My Aunt and Uncles Wedding Reception in the Church basement

You cannot have attended Patoka Grove without remembering old Perlina Whitman. An early recollection of mine is of my Grandma taking me with her to a Ladies Meeting at Perlina’s old farmhouse next to the railroad tracks on Number 7 Road. Perlina had no electricity, used kerosene lamps and had a lot of antiques. I had the stern “Don’t you touch anything” warning before we arrived. This day made an impression on me because my Grandma made a Baked Alaska. She opened a carton of Neopolitan ice cream, whipped up a meringue to smear on it and put that in the oven. I was so young and could not figure out baking ice cream.

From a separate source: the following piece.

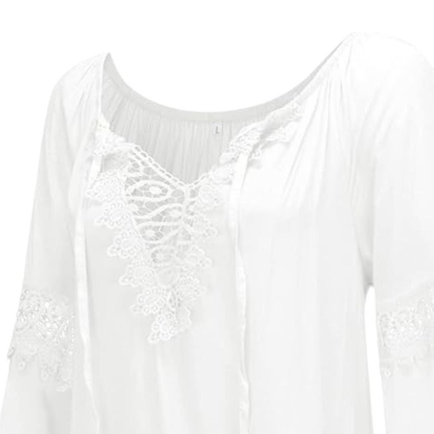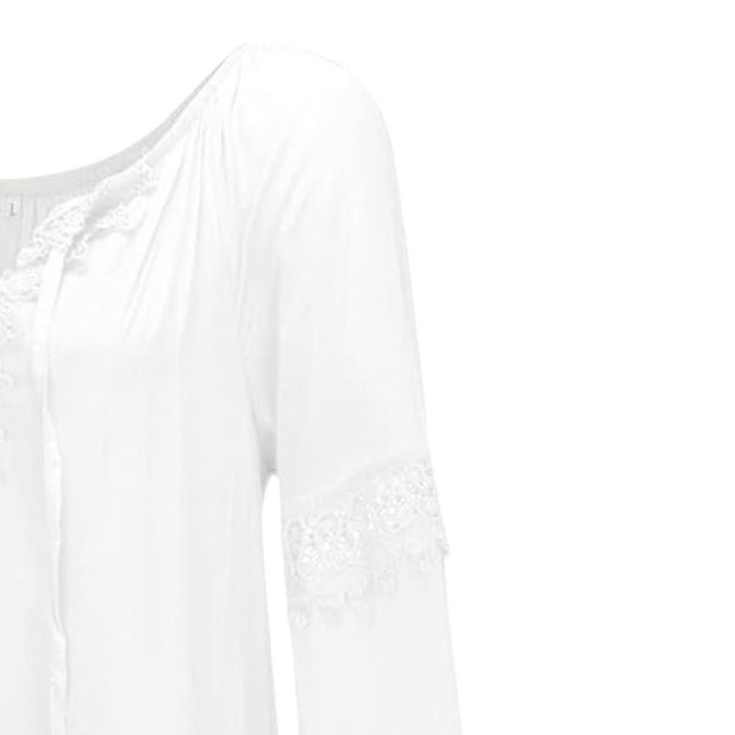 Blusa blanca con mangas largas en tela ligera, detalles de encaje en puños y escote con cordones. Estilo romántico y delicado. bh0GZARSZAD86125

One of the earliest graves at Williams Cemetery is that of Joshua Massey. He was born in 1795 and died in 1844. He was the father of Wash Massey, the man that the coal mining town and community of Massey was named for. Wash Massey married Lou Bolin (a possible ancestor of mine). Lou was the daughter of Jarrett Bolin. Her sister Phebe married Horace Williams. Many of the children’s graves we would wonder about on the hill under the cedar trees were the children of Wash and Lou Massey. When Joshua died, his sister had a gravestone delivered from Maryland by oxen to the cemetery for his grave. In the early 1890s the Massey school was built and doubled as the community church. In 1892, at a revival meeting held at the school, the congregation decided to have a church built. Lumber was cut and seasoned. Wash and Lou Massey deeded one half acre of land for the building. In 1894, the church was built and located in a grove of trees not far from the Patoka River in Massey, hence the name Patoka Grove. Like the cemetery, it was also called Massey Church. In 1934, the church members decided to move the church to a more accessible location. Since there was no church at Williams Cemetery, they decided to move the church there. Curtis and Lyda Williams donated the land. The church was moved about a mile to it’s present site. It took 18 ½ days to move the church at a cost of $226.00. Donations paid for the move. The movers made $2.00 a day, except Mr. Harper who furnished the horses, he earned $4.00 a day. The history remembers Lyda Williams and Perlina Whitman, who kept the church open in 1946 to 1951 when there was no minister, just them, a few children and a pot bellied stove in the center of the church. The church has been updated in the 1950s and the 1980s, but still retains it quaint charm as a little country church.